### WORK REQUEST:
Wherever an image appears in the data, omit it and copy all the remaining text word for word.

### THE DATA:
· · · · · · ·
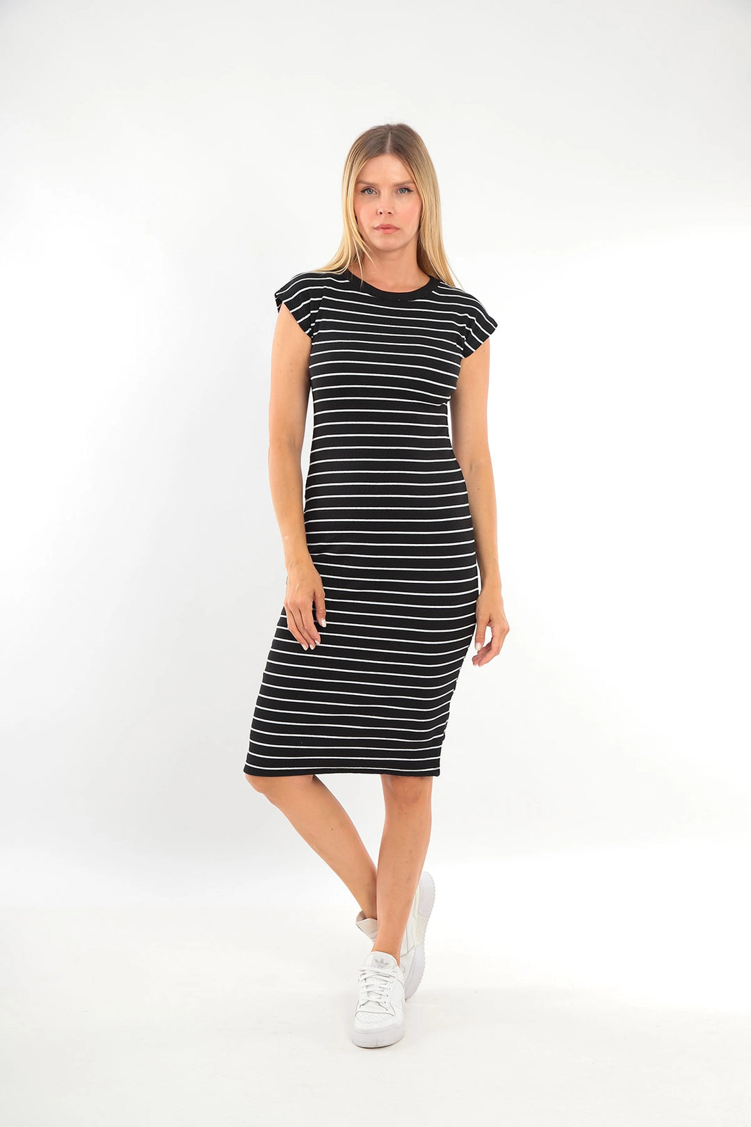 Black Bicycle Neck Ribbed Striped Comfortable Fit Viscon Dress BCVL-2530002 - Villa Victoria
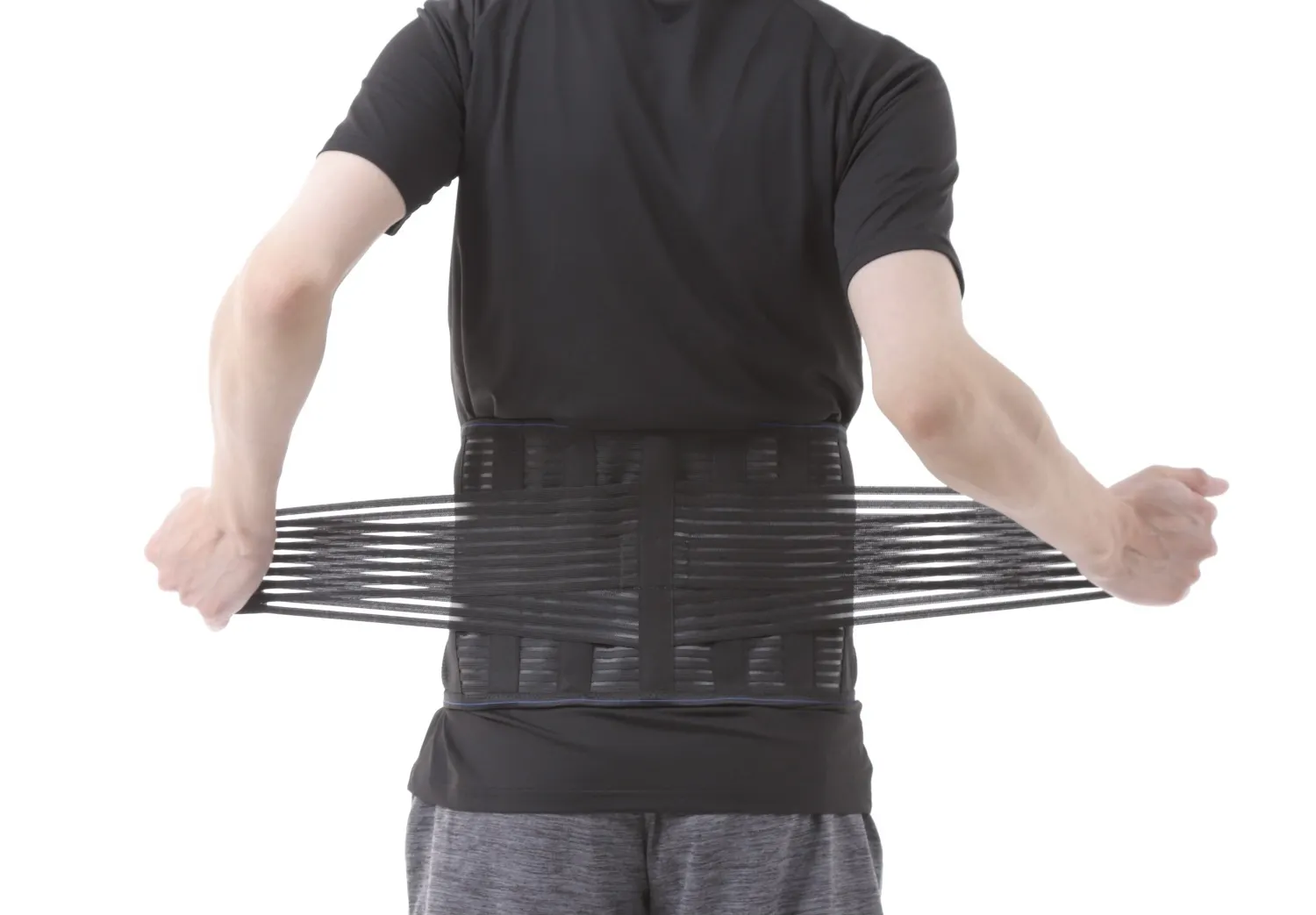 メインベルトでしっかり位置を決めて、スパンデックス(伸縮性、耐久性に優れたポリウレタン弾性繊維)を使ったV字補助ベルトで腰回りを均等に加圧するWベルト構造でしっかり腰回りをサポートします。
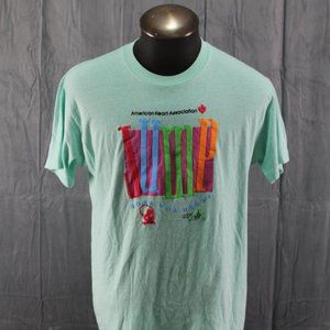 Up for sale is a vintage graphic t-shirt. The shirt has a green base colour. The shirt is a promotion jump rope shirt for heart. It has a Jump in puffer letters across the front of the shirt. What a great vintage shirt do not miss out on it.
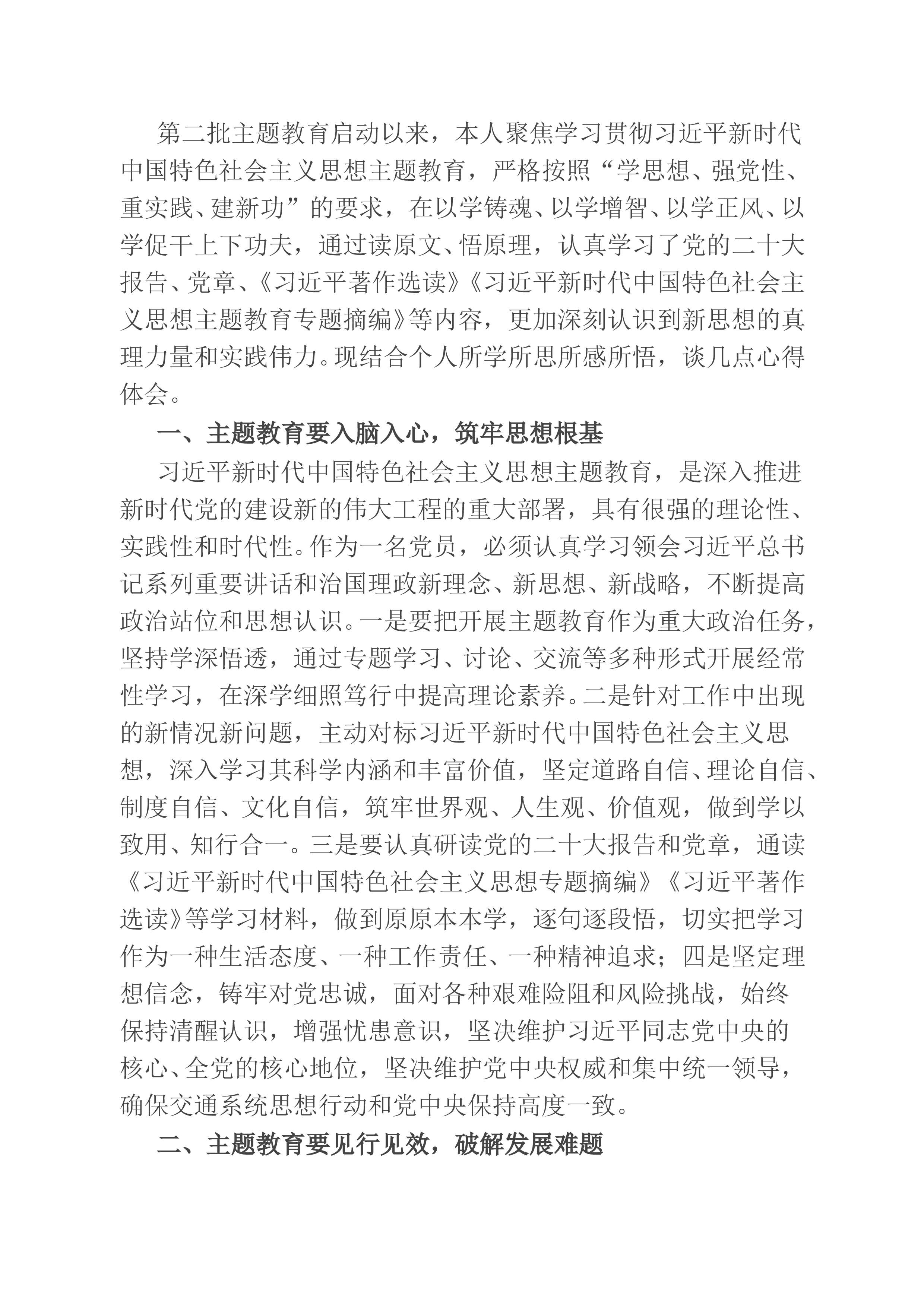 第二批主T教育启动以来,本人聚焦学习贯彻习近平新时代中国特色社会主义思想主T教育,严格按照“学思想、强党性、重实践、建新功”的要求,在以学铸魂、以学增智、以学正风、以学促干上下功夫,通过读原文、悟原理,认真学习了党的二十大报告、党章、《习近平著作选读》《习近平新时代中国特色社会主义思想主T教育专题摘编》等内容,更加深刻认识到新思想的真理力量和实践伟力。现结合个人所学所思所感所悟,谈几点心得体会。一、主T教育要入脑入心,筑牢思想根基习近平新时代中国特色社会主义思想主T教育,是深入推进新时代党的建设新的伟大工程的重大部署,具有很强的理论性、实践性和时代性。作为一名党员,必须认真学习领会习近平总书记...
· · · · · · ·
### EXERCISE RESPONSE:
 Black Bicycle Neck Ribbed Striped Comfortable Fit Viscon Dress BCVL-2530002 - Villa Victoria
 メインベルトでしっかり位置を決めて、スパンデックス(伸縮性、耐久性に優れたポリウレタン弾性繊維)を使ったV字補助ベルトで腰回りを均等に加圧するWベルト構造でしっかり腰回りをサポートします。
 Up for sale is a vintage graphic t-shirt. The shirt has a green base colour. The shirt is a promotion jump rope shirt for heart. It has a Jump in puffer letters across the front of the shirt. What a great vintage shirt do not miss out on it.
 第二批主T教育启动以来,本人聚焦学习贯彻习近平新时代中国特色社会主义思想主T教育,严格按照“学思想、强党性、重实践、建新功”的要求,在以学铸魂、以学增智、以学正风、以学促干上下功夫,通过读原文、悟原理,认真学习了党的二十大报告、党章、《习近平著作选读》《习近平新时代中国特色社会主义思想主T教育专题摘编》等内容,更加深刻认识到新思想的真理力量和实践伟力。现结合个人所学所思所感所悟,谈几点心得体会。一、主T教育要入脑入心,筑牢思想根基习近平新时代中国特色社会主义思想主T教育,是深入推进新时代党的建设新的伟大工程的重大部署,具有很强的理论性、实践性和时代性。作为一名党员,必须认真学习领会习近平总书记...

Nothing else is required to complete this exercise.